Indication of pericardiectomy

Pericardiectomy is usually performed for constrictive pericarditis. However, operation may also be helpful for relapsing inflammatory pericarditis. Most of patients with relapsing pericarditis improve with medical therapy, but some patients continue to have intolerable symptoms or complications of corticosteroid use that impairs quality of life [19]. First-line medical treatment for symptom relief has included NSAIDs and colchicine, and colchicine appears to be effective in preventing recurrences [19, 20]. Corticosteroid use has been controversial and has been recommended only when first-line treatment has failed [21]. Immunosuppressive therapy has generally been used when the underlying cause of pericarditis is autoimmune or rheumatologic [22]. However, pericardiectomy should be considered in patients with severe relapsing pericarditis in whom an adequate drug treatment has failed (Fig. 1) [22].

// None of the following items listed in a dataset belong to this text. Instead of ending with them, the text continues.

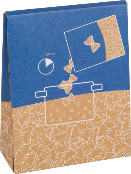 Kartónová krabička sa ľahko otvára a zatvára a na zadnej strane ponúka zrozumiteľný obrázkový postup „varenia“.
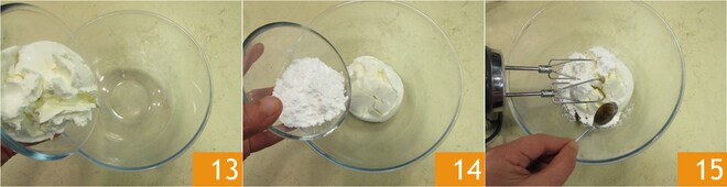 Maintenant, travaillez le mascarpone avec les fouets électriques 13 avec le sucre 14 et l'extrait de vanille 15.
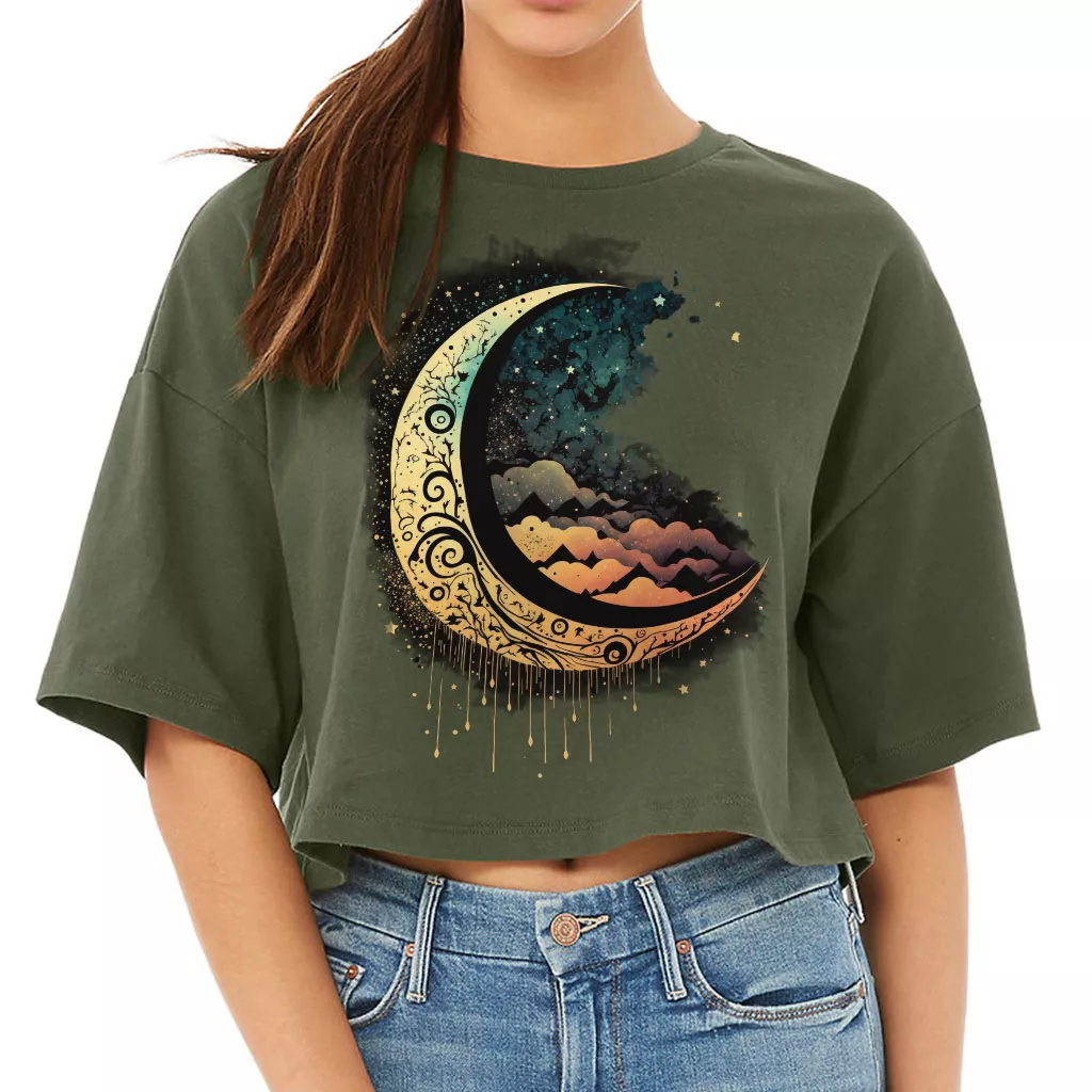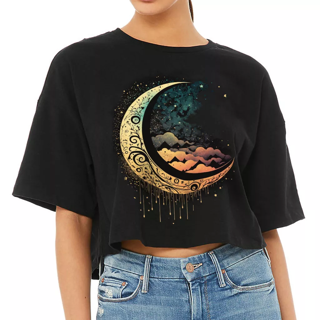 Moon Graphic Women’s Crop Tee Shirt – Cool Art Cropped T-Shirt – Printed Crop Top
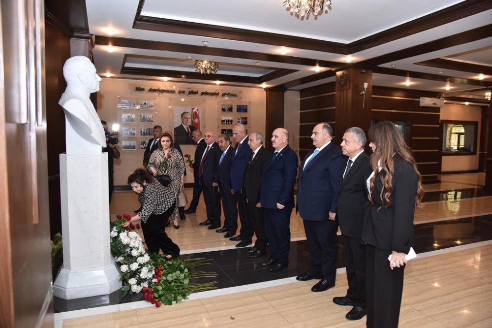 Əvvəlcə rəsmilər inzibati binanın foyesində Ümummilli Lider Heydər Əliyevin büstünü ziyarət edib, önünə gül dəstələri düzüblər.

Classically, constrictive pericarditis has been considered as irreversible. Therefore, once the diagnosis of constrictive pericarditis is made in patients with symptoms of heart failure, pericardiectomy is advised. Even though it may be rare, transient constrictive pericarditis has been reported [23, 24]. Haley et al. [23] reported that 36 patients who were diagnosed as constrictive pericarditis recovered without pericardiectomy. They suggested a trial of anti-inflammatory therapy for acutely developing constrictive pericarditis. If a patient has more chronic (more than 6 months) or worsening symptoms not responding to medical therapy, pericardiectomy should be performed (Fig. 2).

Fig. 2
figure 2

Diagnostic and therapeutic overview of constrictive pericarditis. ACE angiotensin-converting enzyme, ECG electrocardiography, IVC inferior vena cava, JVP jugular venous pressure, LV left ventricle, NSAID nonsteroidal anti-inflammatory drug, RV right ventricle. Adapted from Mayo Clin Proc. 2010;85(6):572–593

Extent of pericardiectomy

Before describing the surgical techniques, we should define and clarify terms used for pericardiectomy. We define complete pericardiectomy as removal of the whole pericardium overlying the heart and great vessels except for the pericardium posterior to the left atrium in the oblique sinus. In practice, a small strip of pericardium remains beneath the phrenic nerves. The term radical pericardiectomy has been used to describe removal of the anterior pericardium (phrenic nerve-to-phrenic nerve), the diaphragmatic pericardium, and pericardium posterior to the left phrenic nerve. Anterior pericardiectomy is defined as removing only the anterior portion of pericardium from the right to left phrenic nerve. If operation is undertaken for the treatment of recurrent inflammatory pericarditis, the goal of the procedure is removal of as much pericardium as possible including that overlying the atria. In patients with constrictive physiology, complete pericardiectomy can sometimes be done, but the primary objective is relief of constriction over the left and right ventricles, and the pericardium overlying atria does not have to be removed.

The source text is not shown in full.